## Work item
Images embedded in the records are excluded; print everything else exactly as given.

## Data excerpts
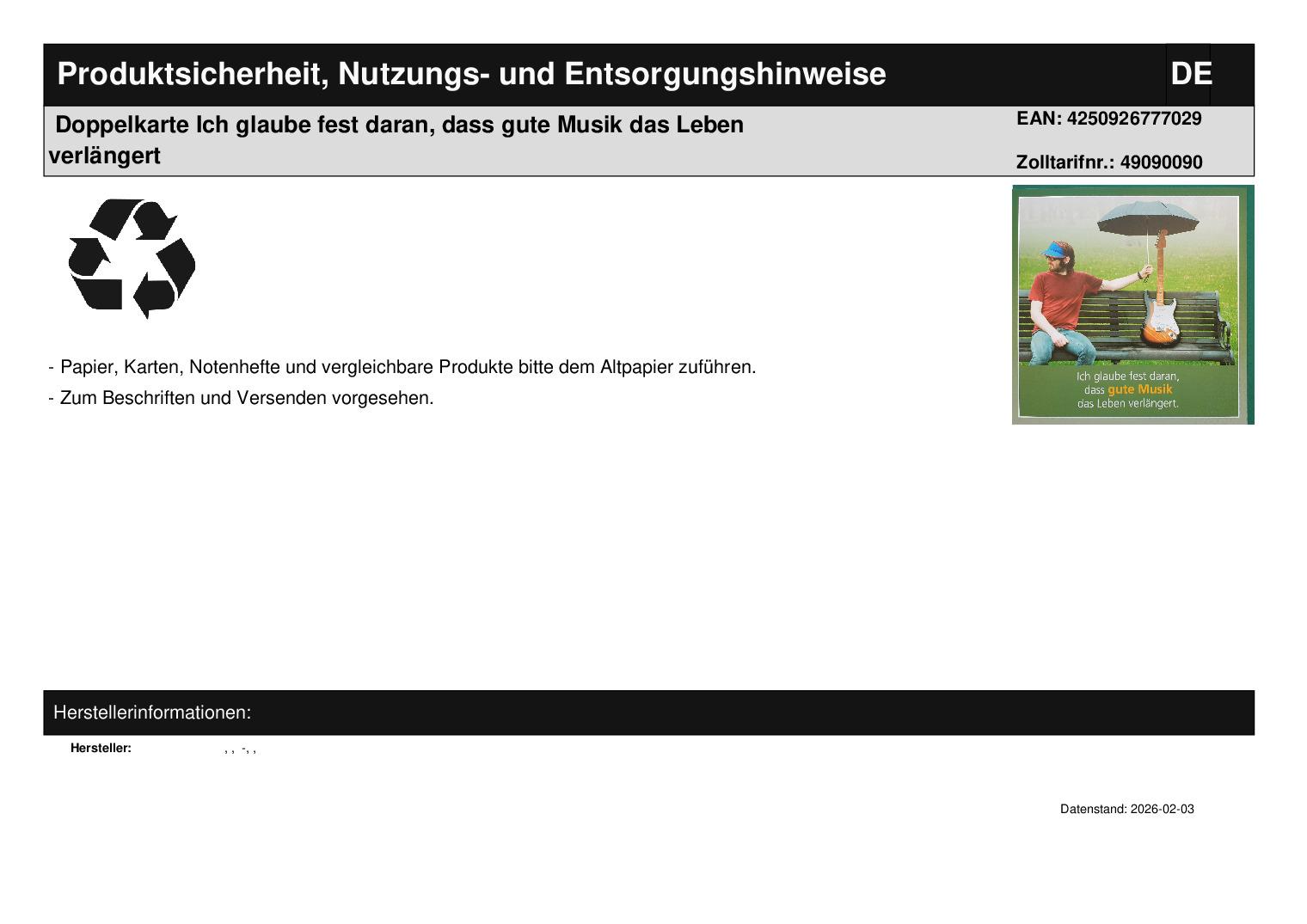 | Titel | Doppelkarte Ich glaube fest daran, dass gute Musik das Leben verlängert |
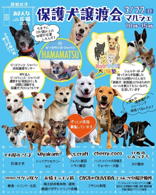 こんにちは!焼津のおよんな広場にて、保護犬の譲渡会とマルシェが同時開催されます。
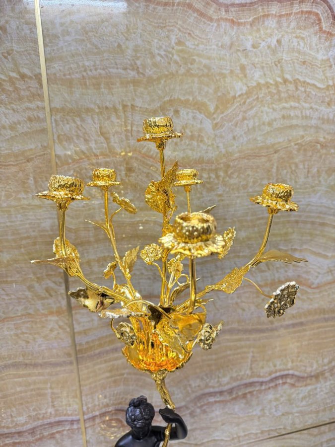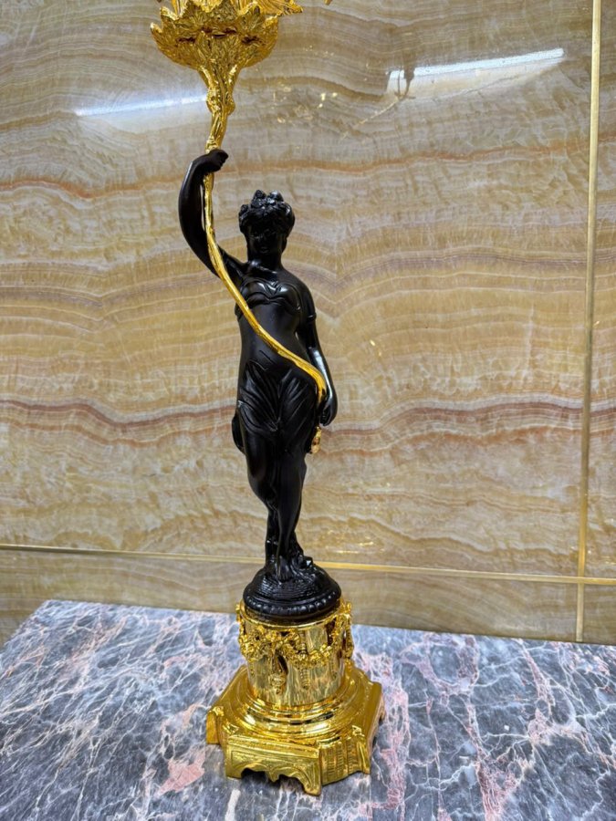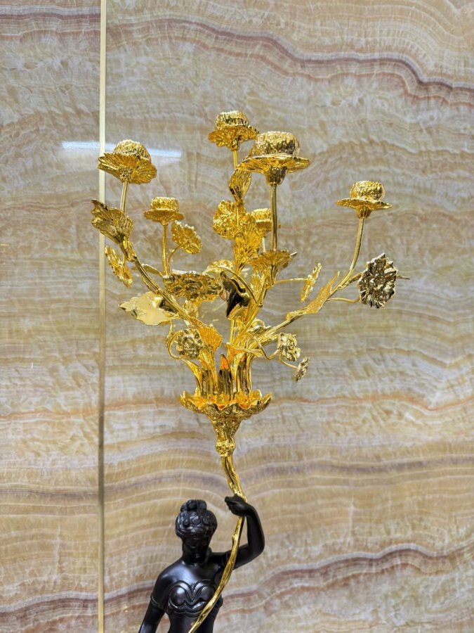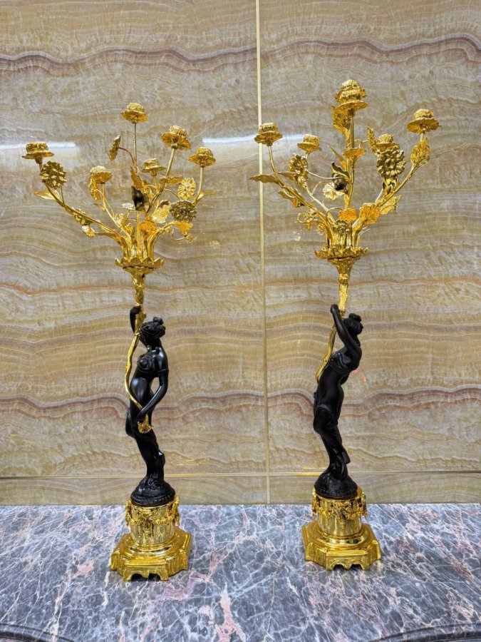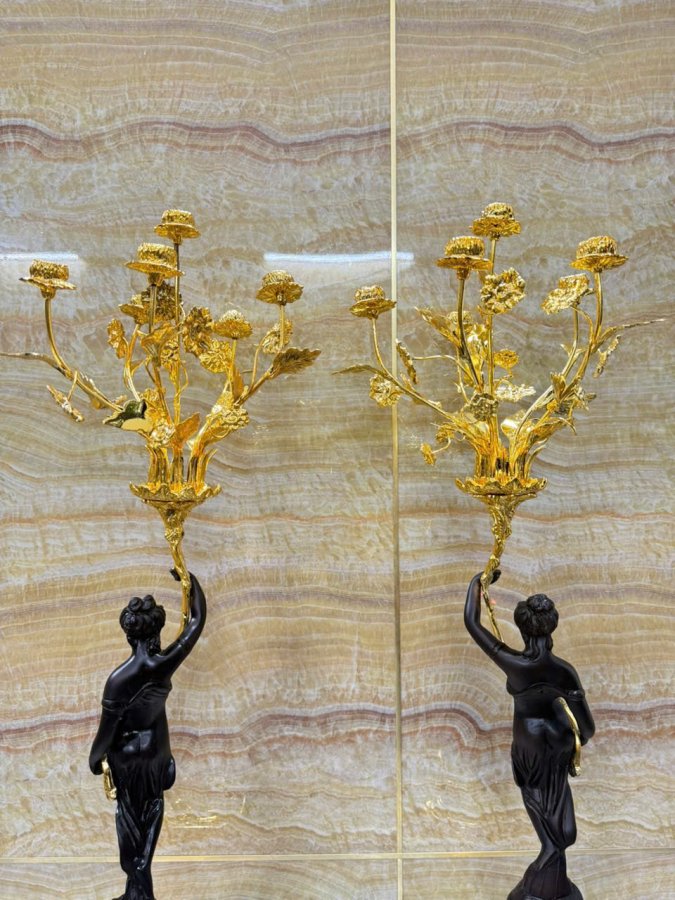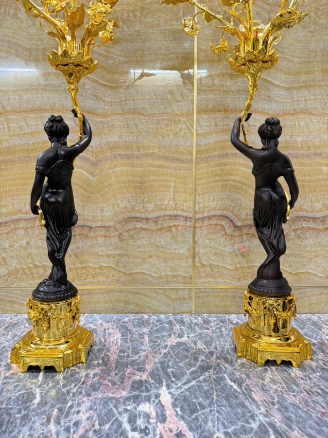 Cặp chân nến tượng đồng lắc kê vàng Châu Âu
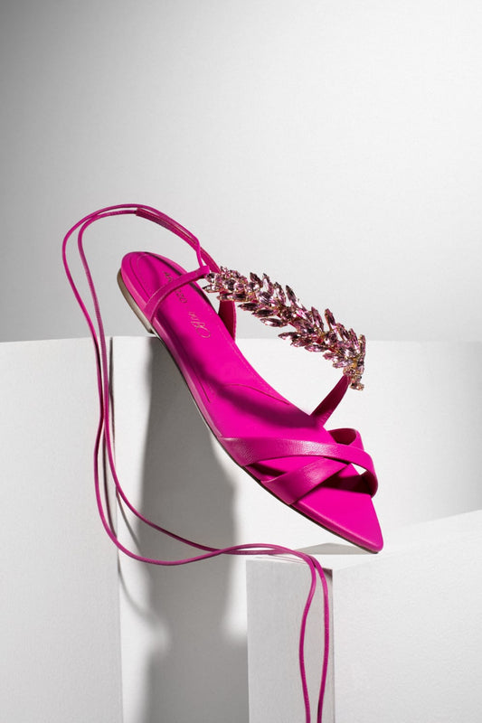 SANDÁLIA RASTEIRA COURO PEDRARIA PINK
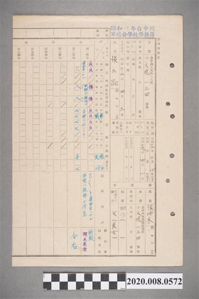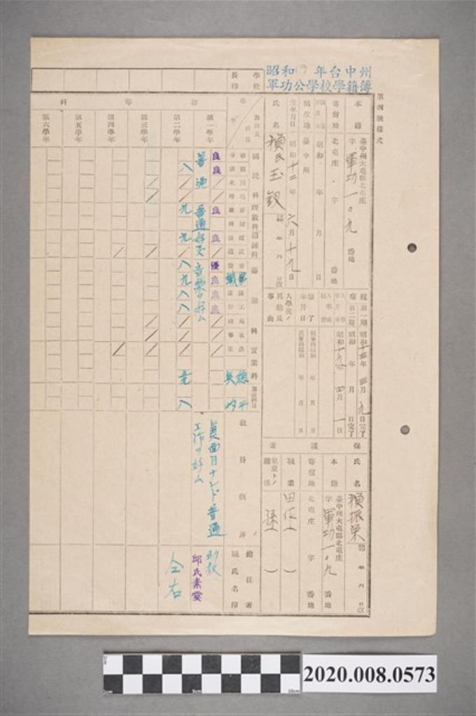 昭和十九年台中州軍功公學校學籍簿 賴玉釵
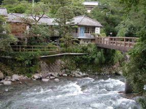 湯ヶ野の温泉はそれなりの規模であり、川を挟んで温泉宿が並んでいる。川沿いに下駄を履いて散歩すると温泉情緒をたっぷり味わえる。昔は旅芸人の踊りを酒の肴にして、芸者の踊りを・・・そんな面影が今も残る温泉街である。
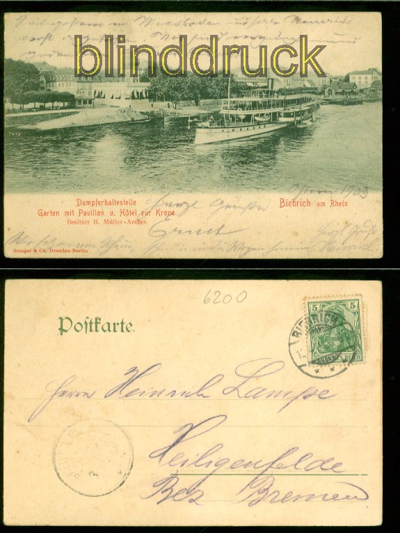 Hessen Biebrich am Rhein sw-AK Dampferhaltestelle Hotel zur Krone 1903 nach Heiligenfelde Dampferhaltestelle Garten mit Pavillon und Hotel zur Krone Karte gelaufen aus Biebrich 12.4.1903 nach Heiligenfelde Ankunftssstempel Erhaltung siehe Scan
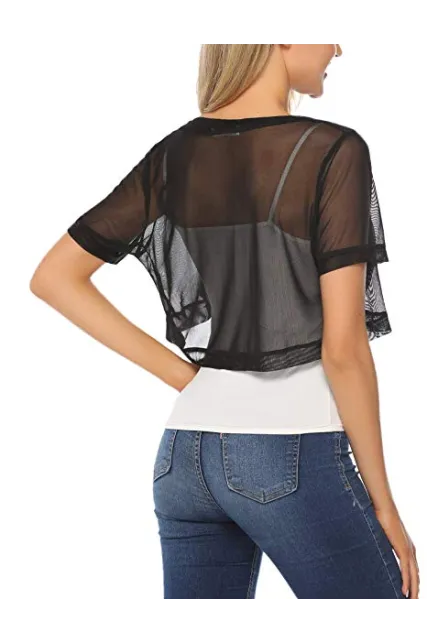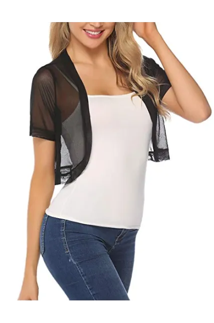 - TOUCH OF STYLE: Add a beautiful dynamic to any outfit with our short sleeve bolero shrug. This bolero jacket features a mesh Crochet, Open Front Cropped Design detail, a chic design, and a beautiful cut to crown it off. Choose from our lovely colors and treat yourself to a layering accessory you’ll simply love.

## Result for this task
 | Titel | Doppelkarte Ich glaube fest daran, dass gute Musik das Leben verlängert |
 こんにちは!焼津のおよんな広場にて、保護犬の譲渡会とマルシェが同時開催されます。
 Cặp chân nến tượng đồng lắc kê vàng Châu Âu
 SANDÁLIA RASTEIRA COURO PEDRARIA PINK
 昭和十九年台中州軍功公學校學籍簿 賴玉釵
 湯ヶ野の温泉はそれなりの規模であり、川を挟んで温泉宿が並んでいる。川沿いに下駄を履いて散歩すると温泉情緒をたっぷり味わえる。昔は旅芸人の踊りを酒の肴にして、芸者の踊りを・・・そんな面影が今も残る温泉街である。
 Hessen Biebrich am Rhein sw-AK Dampferhaltestelle Hotel zur Krone 1903 nach Heiligenfelde Dampferhaltestelle Garten mit Pavillon und Hotel zur Krone Karte gelaufen aus Biebrich 12.4.1903 nach Heiligenfelde Ankunftssstempel Erhaltung siehe Scan
 - TOUCH OF STYLE: Add a beautiful dynamic to any outfit with our short sleeve bolero shrug. This bolero jacket features a mesh Crochet, Open Front Cropped Design detail, a chic design, and a beautiful cut to crown it off. Choose from our lovely colors and treat yourself to a layering accessory you’ll simply love.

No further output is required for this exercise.